DBエンジンを最大限に生かすバッチアプリの作り方:Oracle技術者のためのバッチアプリ開発講座(2)(3/3 ページ)
第1回では、バッチアプリケーションを設計するうえで考慮すべき4つのポイントについて解説しました。今回は、Oracleデータベースを最大限に利用したバッチアプリケーションの実装テクニックについて解説します。
生産性とパーサ能力を最大限考慮した実装を極めよ
最近のOracleのSQLパーサ(SQLの解析を行うエンジン)は、大変洗練されたデータアクセスの実行計画を作成してくれます。CASE式に限らず副問い合わせ(SELECT文が入れ子状態になったSQL)や表結合、集合演算、関数などを駆使した複雑なSQLであっても、最適なアクセスパスを選んで処理を行います。
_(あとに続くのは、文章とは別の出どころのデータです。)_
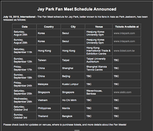 Fan meet schedule will be posted on Jay Park’s official website www.jaypark.com/fanmeet.html and full details of each stop will be announced on the site by around the middle of July.

従って、複雑な処理を1つのSQLにまとめて記述した方が、処理時間の短い高性能のアプリケーションになる可能性が高いといえます。
とはいえ、複雑な処理を1つのSQLにまとめて記述すれば、それだけ読みにくいコードになってしまいます。物事にはバランスが大切ですので、リスト2のような「結果セットを一括処理する方式」も併用しつつ実装効率と処理性能のバランスを考えることが重要です。
処理オーバーヘッドと可読性・生産性とのトレードオフ
第1回目でも説明しましたが、バッチ処理のほとんどは定型的な処理の組み合わせにすぎません。定型処理を部品化してすべてのバッチアプリケーションで再利用すれば、品質の高いアプリケーションを簡単に大量生産することができます。そのためには、副問い合わせを多用した複雑なSQLを記述するよりも、部品化できる単純な単位で処理をつないでいく方式を採用することをお勧めします。具体的には、各定型処理のアウトプット(結果セット)を一時テーブルの形で保持し、次の定型処理へのインプットとするのです(図3)。
この方式では、各定型処理のアウトプットをいったん一時データとして保存する必要があるため、1つのSQLにまとめて記述する場合と比べてオーバーヘッドがあります。しかし、定型処理を部品化することには、SQLの再利用や自動生成が容易になるというメリットがあります。
大規模なバッチ処理の開発では、似たようなアプリケーションを実装するケースがたくさんあります。生産性を向上させて品質の高いアプリケーションを簡単に大量生産するためには、定型処理を部品化して再利用するというスタンスが欠かせません。また、部品化した定型処理であれば、Excelの定義情報などからSQLを自動生成するような仕組みを準備するのもそれほど難しくはないでしょう。
「定型処理の組み合わせでSQLを自動生成し、必要に応じて開発者が高度な処理を追加する」のが、最もバランスの取れた現実的な開発方式ではないでしょうか。
今回は、Oracleデータベースを最大限に利用したバッチアプリケーションの実装テクニックについて解説しました。次回は、バッチアプリケーションに有効なOracleの機能について解説する予定です。